Name resolution within a site

So far, so ordinary. The major problem with a system such as the one described above is one of addressing: In order to get a document, you have to be provided with its hash, by some out of band mechanism. If the document gets modified, its hash changes, and in order to get the new version, you have to obtain the new hash. We can upload hypertext documents such as HTML in order to link between documents, but this doesn't solve the update issue, and the links between documents have to form a DAG, making mutual linking impossible.

As is often the case, the solution here is to add an additional layer of indirection. Instead of linking directly to documents by their hash, we use relative URLs, using any arrangement of URL paths we desire. After uploading all the documents and obtaining their hashes, we then construct a manifest document, which maps each path to the hash of the document that currently resides at that path.

With this change, documents are generally retrieved using a two part key: The hash of the manifest, which we will call the 'site hash', and the path to the specific document we want to retrieve. Provided with this, the system first retrieves the manifest, then uses that to resolve the path to a document hash, which it likewise retrieves. Thus, mutual links become possible, since links in individual documents use human designated paths, resolved using the manifest. When the site is updated, we need only distribute the current site hash in some fashion.

External access

So far I have only described how documents are accessed within the system, using some as-yet-unspecified protocol. The next logical step is to provide the promised integration with the web. This is accomplished with two new components: HTTP servers, and DNS servers.

Every node in the DHT runs an HTTP server. This server is configured to understand URLs of the form http://hash.somedomain.com/path. When presented with such a URL, the server first retrieves the resource referred to by the hash. If this is a manifest file, it then uses it to resolve the path component of the URL, which it likewise resolves, and returns to the client.

In addition, a limited number of nodes will run DNS servers for somedomain.com. These servers are responsible for choosing regular servers from the DHT to which they can direct users wishing to resolve a particular domain (eg, hash.somedomain.com). In general, they will handle this by finding the server closest in the DHT to the hash being requested, but there is room for flexibility here, since any node can answer any query - for example, they may provide a result that is 'further away' than the ideal server in the event that the ideal server is already under substantial load.

Hopefully some of the censorship resistant properties of this layer are already obvious: Any of the individual nodes running HTTP servers can be removed from the network without undue disruption: The DNS servers will simply stop serving them as valid results for queries. DNS servers can likewise be removed with minimal disruption - the other DNS servers will stop listing them as authorities for the domain. In the event that one of the root DNS servers, listed in the domain's glue data, is removed, some manual intervention is required, but it is once again fairly straightforward to recover from.

Name resolution for sites

The one remaining issue is that of providing a way for users to find the site, given that the site's hash will change from time to time, and is anything but memorable. For this, we once again turn to the DNS system for help, with a fairly simple strategy.

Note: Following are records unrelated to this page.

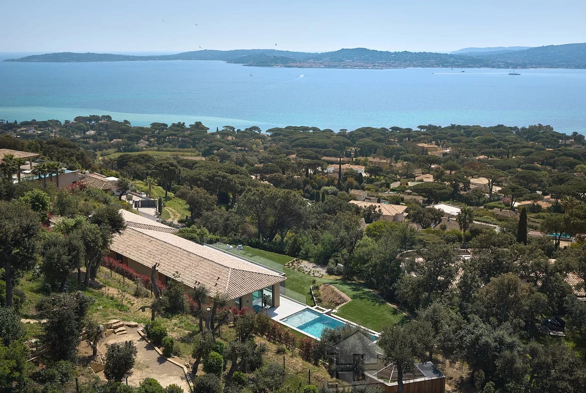 Nestled in one of the most sought-after residential areas of Grimaud, this contemporary villa boasts a breathtaking panoramic view over the sea and the Gulf of Saint-Tropez.
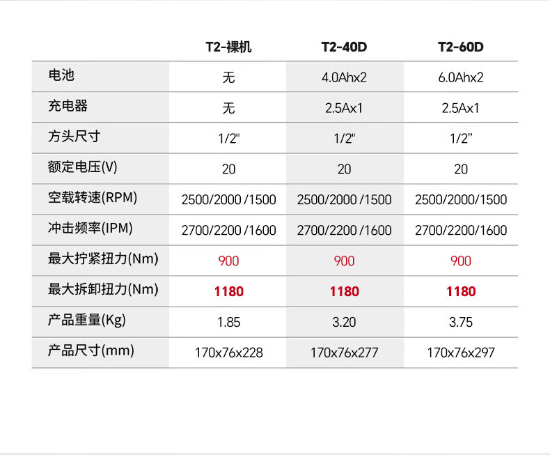 罗特锂电无刷电动扳手20V电动风炮大扭矩电动工具冲击扳手T2 T2裸机彩盒装【无电无充】
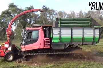 VolmerFilm – 2024 – Gras mähen und häckseln in Naturschutzgebieten von Vossebeld Cultuurtechniek: Schwadmäher Vicon WR 322 mit Raupenketten und Scheibenmäher. Leitner Pistenbully 300 Kettenfahrzeug mit Pöttinger MEX 6 Häcksler und Deutz-Fahr K550 Ladewagen.

Anyone wishing to host a site on this system with a 'friendly' name does the following:

Purchase a suitable domain name
Add a CNAME record for a subdomain (eg, www.), pointing to the site's current root (eg, somehash.somedomain.com)
Update that CNAME whenever they modify the site

In this fashion, we rely on the DNS system to resolve a friendly domain name into the current site hash for us. When a user enters a domain into their browser, the resolution process works as follows:

Their browser resolves www.myrobustsite.com, which returns a CNAME to somehash.somedomain.com
Their browser resolves somehash.somedomain.com, which is handled by the DHT's DNS servers, who return the IP of a participating node close to that hash.
The browser makes an HTTP request to the returned IP address, with a Host header of www.myrobustsite.com
The DHT node notes that it does not recognize the domain in the Host header, and performs its own lookup on the domain, returning somehash.somedomain.com
The DHT node treats the request as if it came in on somehash.somedomain.com, and serves the request as described in the previous section.

Vulnerability: The DNS system and registrars

Observant users will have noticed that this system is heavily dependent on the DNS system, and on registrars. To some degree this is true, but I believe there are mitigating factors:

First, challenges to domain names are rarely made, and where they are unjust, are frequently reversed. It is difficult to justify taking down or censoring a domain when it itself is not responsible for any of the content the attacker wishes to censor.

Second, it's relatively easy to serve from multiple domains, and to shift from one to another. While there is significant disruption, the removal of a domain is far from the death knell for such a system, and users will adapt as long as the system proves robust enough for day-to-day usage. A profusion of names can make staying abreast of the ways of addressing such a system impossible for the would-be censor.

Third, many other robust systems depend on the domain name system. Sites like wikileaks in principle are vulnerable to the same challenges, but survive for many of the reasons detailed above.

Disclaimer

I hope it is not necessary - but fear it is - for me to explicitly point out that I don't condone using systems such as the one I'm proposing for illegal purposes. Many unjust censorship regimes exist, however, many or all of them without due process, review, or scrutiny of any kind, and I believe it's important to develop systems that combat such unjust mis-applications of technology. I also find systems like this one of great academic interest!

It should also go without saying that this is my own personal project, and has no bearing on my day job. Google, nor anyone else, is endorsing my personal enthusiasm for side-projects such as this or any other.

Feedback

What do you think? I'm the first to acknowledge that what I'm proposing is not an 'ideal' system, but in the absense of any such ideal system, I believe this one makes a pretty good set of tradeoffs that would make it of interest were it to be developed. Your feedback is thus greatly appreciated, especially if you have some ideas on how to improve it, since such ideas are far easier to integrate in the design phase than after implementation!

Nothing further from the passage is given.